But refusing new permits would “send a climate signal to investors and consumers that the UK is committed” to its climate goals, said committee chair and former Conservative environment secretary Lord Deben, adding he would support a moratorium on North Sea drilling.

Despite the committee’s disquiet over the prospect of new drilling, its ultimate judgement “is likely to boost controversial government plans to license new oil and gas fields in the North Sea,” writes The Guardian.

Those plans are being boosted by the Conservative Party’s Net Zero Scrutiny Group (NZSG), which has been critical of the UK’s efforts to reach net-zero by 2050. NZSG leader Craig Mackinlay told the BBC that the role of the group is to “scrutinize” and focus on “energy security, affordability, practicality; are the vulnerable protected and is there a better way?”

The NZSG is calling for the UK to embrace domestic fracked gas as a “transition fuel” while waiting for nuclear to ramp up. But that ignores the fact that the UK is very much connected to the global market for gas, the BBC notes, citing Carbon Brief analyst Simon Evans.
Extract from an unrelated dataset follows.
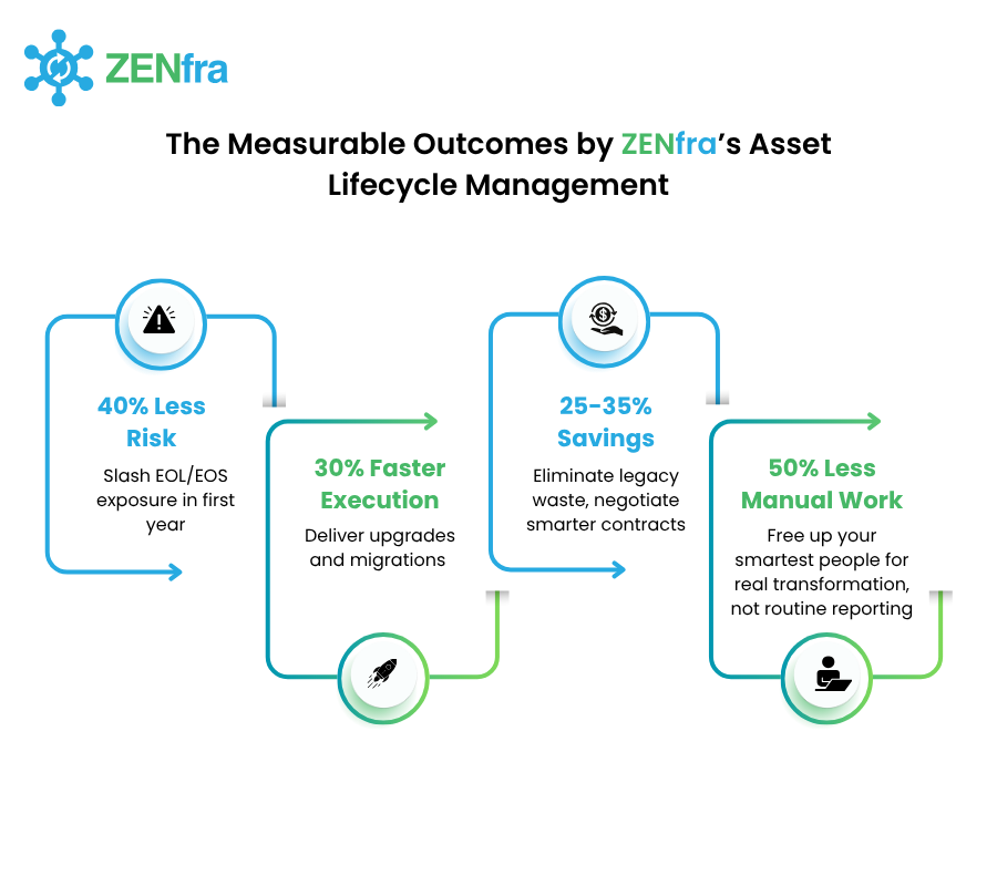Transformation doesn’t wait for IT to catch up-but with ZENfra Asset Lifecycle Management, you never have to choose between operational excellence and business agility. Our platform delivers end-to-end visibility, role-based automation, and real-world expertise so modernization isn’t just a goal – it’s your new standard.

Any domestic gas produced “would be feeding into that market and, barring export controls, would be sold to the highest bidder on the market,” Evans said.

“New North Sea oil and gas developments send out totally the wrong signals both to UK businesses and consumers and the wider world,” Greens MP Caroline Lucas told The Guardian. “These licences don’t make climate sense, they don’t make diplomatic sense, and they don’t make financial sense, and no amount of so-called climate compatibility tests will change that.”
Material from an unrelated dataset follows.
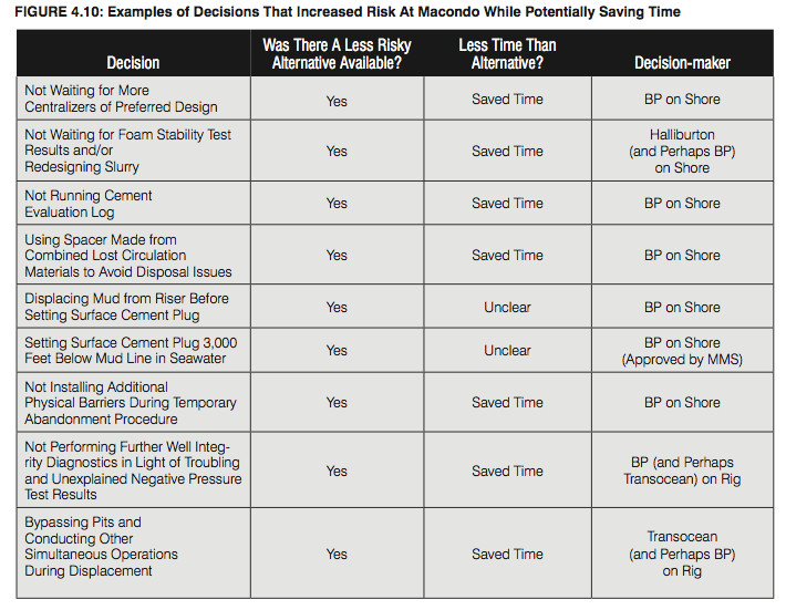 “Whether purposeful or not, many of the decisions that BP, Halliburton, and Transocean made that increased the risk of the Macondo blowout clearly saved those companies significant time (and money).”

Still, climate campaigners welcomed the committee’s recommendation that all licences, even those previously issued, such as that for the controversial Cambo oilfield, should be subject to a climate test. 

It is “reassuring” that the committee should so roundly refute the Johnson government’s plan to subject only new licences to such tests, said Danny Gross, campaigner at Friends of the Earth.